(きたおとろ/1958年、福岡県生まれ。法政大学卒業後、フリーターを経てライターに。『裁判長! ここは懲役4年でどうすか』、『猟師になりたい!』、『夕陽に赤い町中華』、『愛と情熱の山田うどん まったく天下をねらわない地方豪族チェーンの研究』(共著)など著書多数。)

裁判傍聴、町中華、山田うどん……。ノンフィクションライターの北尾トロさんは雑誌連載や著書を通じて、世にさまざまなブームを巻き起こしてきた。68歳の今も、精力的に現場取材を続けている。
1958年1月23日生まれ。本名は伊藤秀樹。幼少期は父母と3歳下の妹と共に、九州各地を転々とした。
親父が「全農」の前身の全国販売農業協同組合連合会で働いていて、転勤族だったんです。僕が博多で生まれてしばらくして宮崎へ移り、数カ月で博多へ戻ってきて、今度は北九州市の小倉へ。そして、小学校に上がったところでまたまた博多、また小倉。ずっと社宅暮らしでした。
子供時代の一番思い出深い家は、北九州の母の実家ですね。祖父が門司港の栄町銀天街というアーケード商店街で、松葉屋という和菓子屋を営んでいたんです。1階は売り場で、2階では職人さんたちが饅頭やカステラなどを作っている。職人さんたちの仕事を見るのが大好きで、「どうやって作るの?」と話を聞いたのが僕の人生初取材かもしれません。

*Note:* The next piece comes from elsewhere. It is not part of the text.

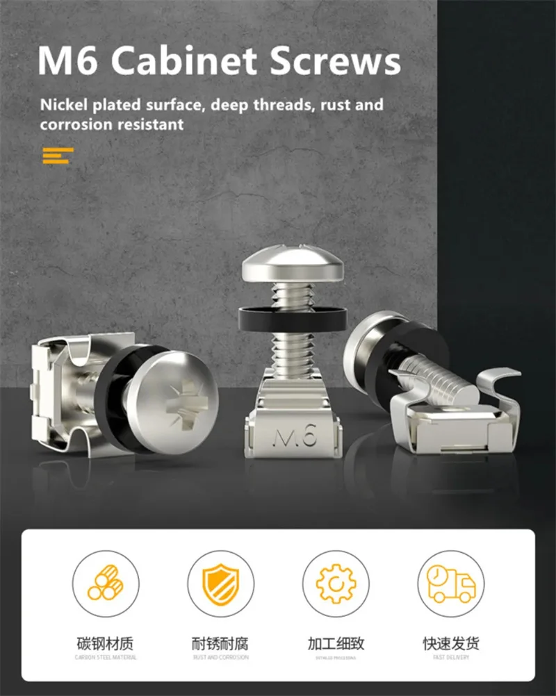 Comprar Tornillos de armario de M6 x 16mm, M6 x 12mm, jaula de montaje en estante, tuercas, tornillos y arandelas para estantes de distribución de chasis de servidor de red, enrutadores
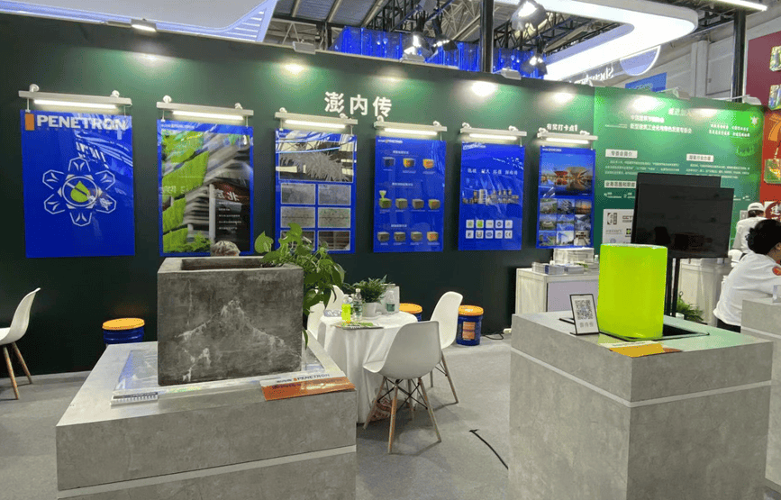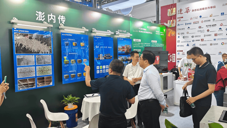 北京澎內傳公司展出了全球領先的混凝土滲透結晶自愈合技術以及系統產品,展板上生動形象的展現出滲透結晶的技術原理、電鏡下的結晶形貌和實效工程照片等;實物水池模型與試塊直觀地看到結晶自愈合后的功效。澎內傳先進的滲透結晶科技不僅能從根本上解決混凝土結構的滲漏水頑疾,還能提高混凝土整體的耐久性,延長結構的使用壽命60年。產品低碳環保,為我國造就高質量建筑和可持續發展的目標提供堅實的技術基礎和科學的安全保障,更好的滿足人們對好房子的需求。

中学2年生の時、一家で兵庫県尼崎市へ。「僕が博多弁を喋ると同級生に突っ込まれるから、怖くて学校では一切喋らなくなった」。その結果、週末となれば映画館に入り浸る映画少年に。
73年4月、兵庫県立尼崎北高校に進学。翌春、東京都立日野高校に転入。
大学卒業後に就職した百科事典の出版社。出勤初日の昼休みに退職し、プータローに
引っ越し先は京王線の南平駅が最寄駅で、翌年、徒歩圏内に多摩動物公園もある高幡不動へ。家は坂の途中にあって、3階建てで半地下と1階と2階、屋上がありました。ある日、友達何人かと「屋上でビートルズの『Get Back』をやろうぜ」という話になったんです。延長コードを延長しまくってエレキギターに繋ぎジャカジャーンとやろうとしたら、近所のおじさんに「やめろ、バカ野郎!」と怒鳴られて一音も出さずに終了。半地下の部屋でドラムの練習をしていたら、窓の外から「リズムが走ってる。それじゃダメだよ!」と。バンドマンになる夢が遠ざかりました(笑)。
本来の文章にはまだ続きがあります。